Start of Given records
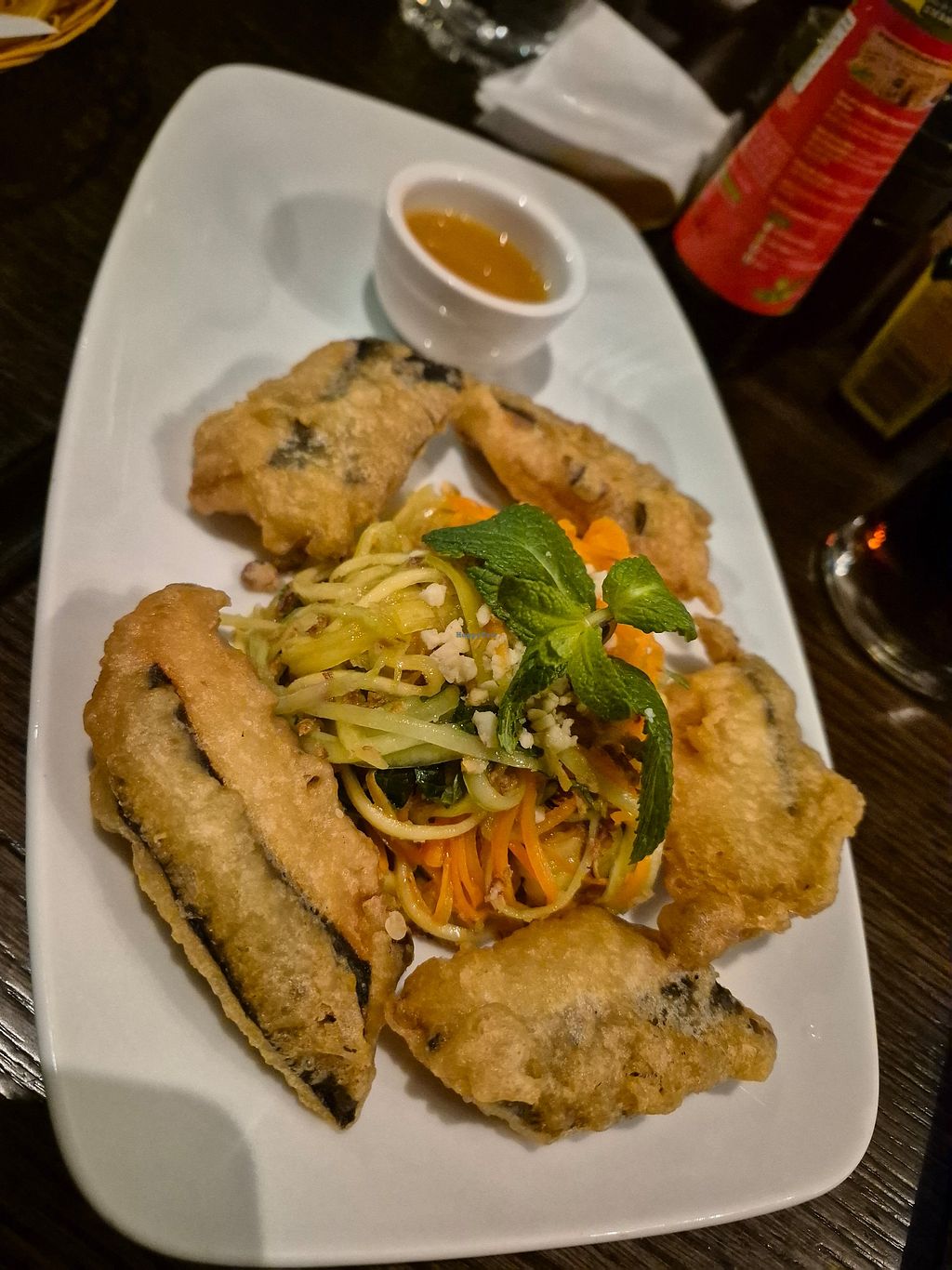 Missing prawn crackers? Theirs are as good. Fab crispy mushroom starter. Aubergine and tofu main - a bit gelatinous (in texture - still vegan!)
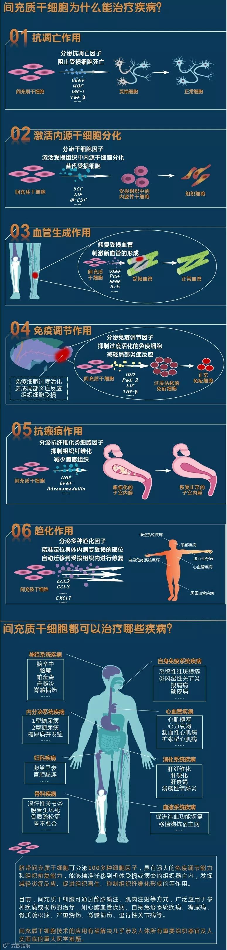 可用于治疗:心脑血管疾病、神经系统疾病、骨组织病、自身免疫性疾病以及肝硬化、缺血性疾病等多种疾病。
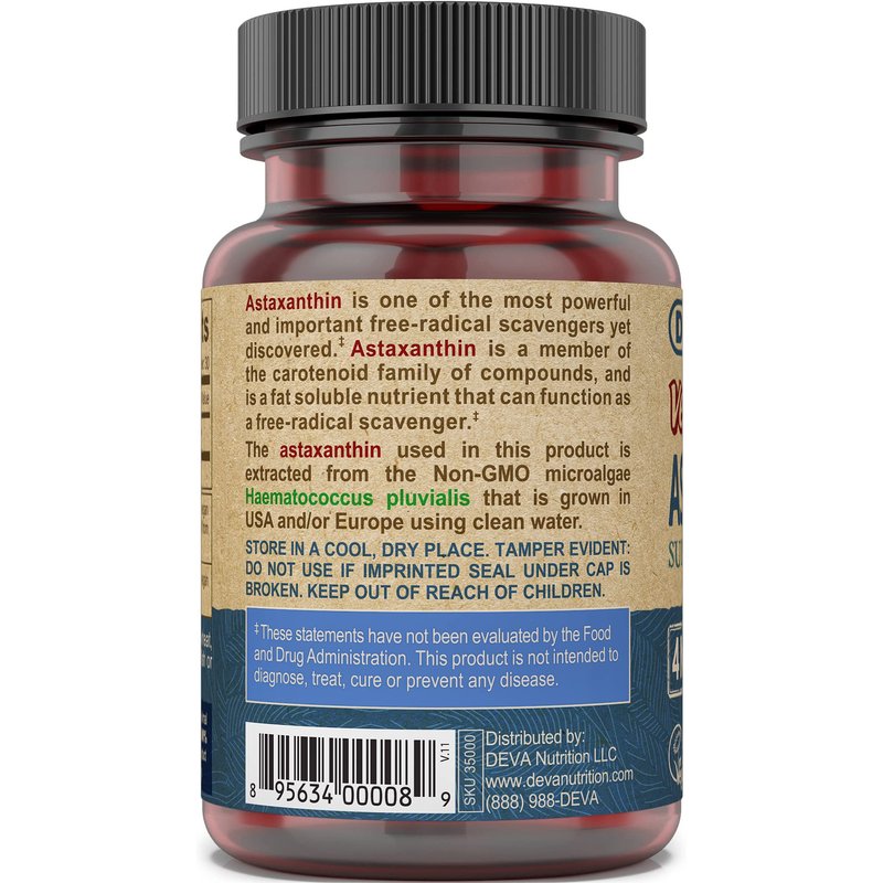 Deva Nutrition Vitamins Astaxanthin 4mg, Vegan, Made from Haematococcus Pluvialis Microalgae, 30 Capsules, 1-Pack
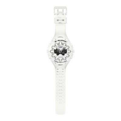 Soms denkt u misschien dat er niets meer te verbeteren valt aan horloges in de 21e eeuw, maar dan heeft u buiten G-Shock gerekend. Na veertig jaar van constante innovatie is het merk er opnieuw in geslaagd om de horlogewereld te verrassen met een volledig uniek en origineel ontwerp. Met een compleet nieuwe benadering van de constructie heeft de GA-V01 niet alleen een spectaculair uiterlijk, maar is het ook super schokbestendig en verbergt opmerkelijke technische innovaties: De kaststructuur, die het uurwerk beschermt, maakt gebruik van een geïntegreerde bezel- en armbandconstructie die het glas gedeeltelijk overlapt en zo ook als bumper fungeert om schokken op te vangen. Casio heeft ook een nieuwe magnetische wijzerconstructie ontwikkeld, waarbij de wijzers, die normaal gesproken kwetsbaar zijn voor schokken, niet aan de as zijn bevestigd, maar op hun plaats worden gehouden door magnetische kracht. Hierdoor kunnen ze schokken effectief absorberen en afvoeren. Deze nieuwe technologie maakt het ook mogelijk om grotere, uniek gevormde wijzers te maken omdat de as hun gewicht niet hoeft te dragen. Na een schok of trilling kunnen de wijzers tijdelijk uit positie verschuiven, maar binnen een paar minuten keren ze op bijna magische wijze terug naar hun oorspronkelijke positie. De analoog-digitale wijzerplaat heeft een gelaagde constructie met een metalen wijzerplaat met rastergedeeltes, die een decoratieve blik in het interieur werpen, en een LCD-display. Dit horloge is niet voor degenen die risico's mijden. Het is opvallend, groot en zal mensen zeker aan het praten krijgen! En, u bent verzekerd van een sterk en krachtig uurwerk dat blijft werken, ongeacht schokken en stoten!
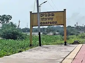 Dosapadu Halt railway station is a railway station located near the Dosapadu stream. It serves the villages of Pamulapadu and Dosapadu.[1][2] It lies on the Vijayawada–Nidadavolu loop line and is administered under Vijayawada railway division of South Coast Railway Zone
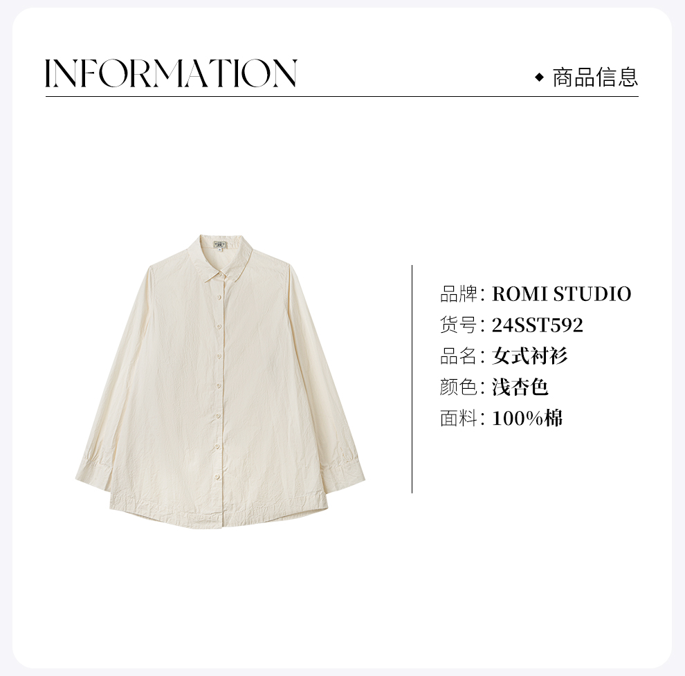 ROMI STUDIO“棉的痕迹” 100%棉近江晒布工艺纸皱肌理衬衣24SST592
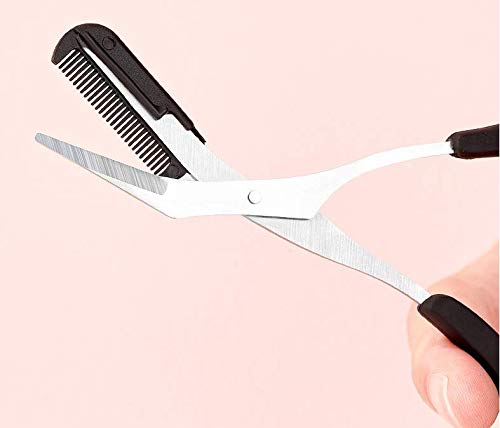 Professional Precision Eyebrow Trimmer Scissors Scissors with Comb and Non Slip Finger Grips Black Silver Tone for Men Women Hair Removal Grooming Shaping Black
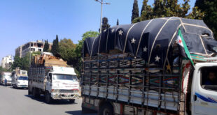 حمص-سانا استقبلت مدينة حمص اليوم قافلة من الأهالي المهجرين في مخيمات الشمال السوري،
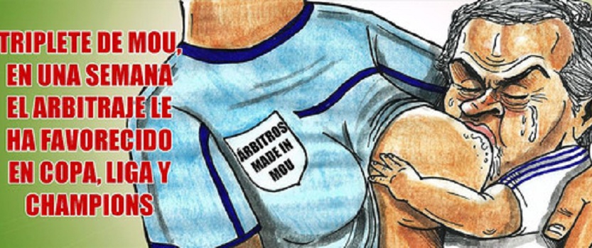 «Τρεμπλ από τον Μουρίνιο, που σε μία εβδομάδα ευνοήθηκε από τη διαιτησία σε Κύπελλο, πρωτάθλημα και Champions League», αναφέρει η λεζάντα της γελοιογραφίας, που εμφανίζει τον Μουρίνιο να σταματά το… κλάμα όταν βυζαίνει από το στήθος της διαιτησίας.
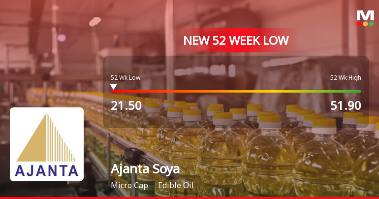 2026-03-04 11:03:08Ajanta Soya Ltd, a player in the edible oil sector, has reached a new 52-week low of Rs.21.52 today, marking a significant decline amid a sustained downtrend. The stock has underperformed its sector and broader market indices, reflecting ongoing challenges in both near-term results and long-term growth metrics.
End of Given records
Task instructions >> Retype the lines above exactly, no pictures.

Response box >>
 Missing prawn crackers? Theirs are as good. Fab crispy mushroom starter. Aubergine and tofu main - a bit gelatinous (in texture - still vegan!)
 可用于治疗:心脑血管疾病、神经系统疾病、骨组织病、自身免疫性疾病以及肝硬化、缺血性疾病等多种疾病。
 Deva Nutrition Vitamins Astaxanthin 4mg, Vegan, Made from Haematococcus Pluvialis Microalgae, 30 Capsules, 1-Pack
 Soms denkt u misschien dat er niets meer te verbeteren valt aan horloges in de 21e eeuw, maar dan heeft u buiten G-Shock gerekend. Na veertig jaar van constante innovatie is het merk er opnieuw in geslaagd om de horlogewereld te verrassen met een volledig uniek en origineel ontwerp. Met een compleet nieuwe benadering van de constructie heeft de GA-V01 niet alleen een spectaculair uiterlijk, maar is het ook super schokbestendig en verbergt opmerkelijke technische innovaties: De kaststructuur, die het uurwerk beschermt, maakt gebruik van een geïntegreerde bezel- en armbandconstructie die het glas gedeeltelijk overlapt en zo ook als bumper fungeert om schokken op te vangen. Casio heeft ook een nieuwe magnetische wijzerconstructie ontwikkeld, waarbij de wijzers, die normaal gesproken kwetsbaar zijn voor schokken, niet aan de as zijn bevestigd, maar op hun plaats worden gehouden door magnetische kracht. Hierdoor kunnen ze schokken effectief absorberen en afvoeren. Deze nieuwe technologie maakt het ook mogelijk om grotere, uniek gevormde wijzers te maken omdat de as hun gewicht niet hoeft te dragen. Na een schok of trilling kunnen de wijzers tijdelijk uit positie verschuiven, maar binnen een paar minuten keren ze op bijna magische wijze terug naar hun oorspronkelijke positie. De analoog-digitale wijzerplaat heeft een gelaagde constructie met een metalen wijzerplaat met rastergedeeltes, die een decoratieve blik in het interieur werpen, en een LCD-display. Dit horloge is niet voor degenen die risico's mijden. Het is opvallend, groot en zal mensen zeker aan het praten krijgen! En, u bent verzekerd van een sterk en krachtig uurwerk dat blijft werken, ongeacht schokken en stoten!
 Dosapadu Halt railway station is a railway station located near the Dosapadu stream. It serves the villages of Pamulapadu and Dosapadu.[1][2] It lies on the Vijayawada–Nidadavolu loop line and is administered under Vijayawada railway division of South Coast Railway Zone
 ROMI STUDIO“棉的痕迹” 100%棉近江晒布工艺纸皱肌理衬衣24SST592
 Professional Precision Eyebrow Trimmer Scissors Scissors with Comb and Non Slip Finger Grips Black Silver Tone for Men Women Hair Removal Grooming Shaping Black
 حمص-سانا استقبلت مدينة حمص اليوم قافلة من الأهالي المهجرين في مخيمات الشمال السوري،
 «Τρεμπλ από τον Μουρίνιο, που σε μία εβδομάδα ευνοήθηκε από τη διαιτησία σε Κύπελλο, πρωτάθλημα και Champions League», αναφέρει η λεζάντα της γελοιογραφίας, που εμφανίζει τον Μουρίνιο να σταματά το… κλάμα όταν βυζαίνει από το στήθος της διαιτησίας.
 2026-03-04 11:03:08Ajanta Soya Ltd, a player in the edible oil sector, has reached a new 52-week low of Rs.21.52 today, marking a significant decline amid a sustained downtrend. The stock has underperformed its sector and broader market indices, reflecting ongoing challenges in both near-term results and long-term growth metrics.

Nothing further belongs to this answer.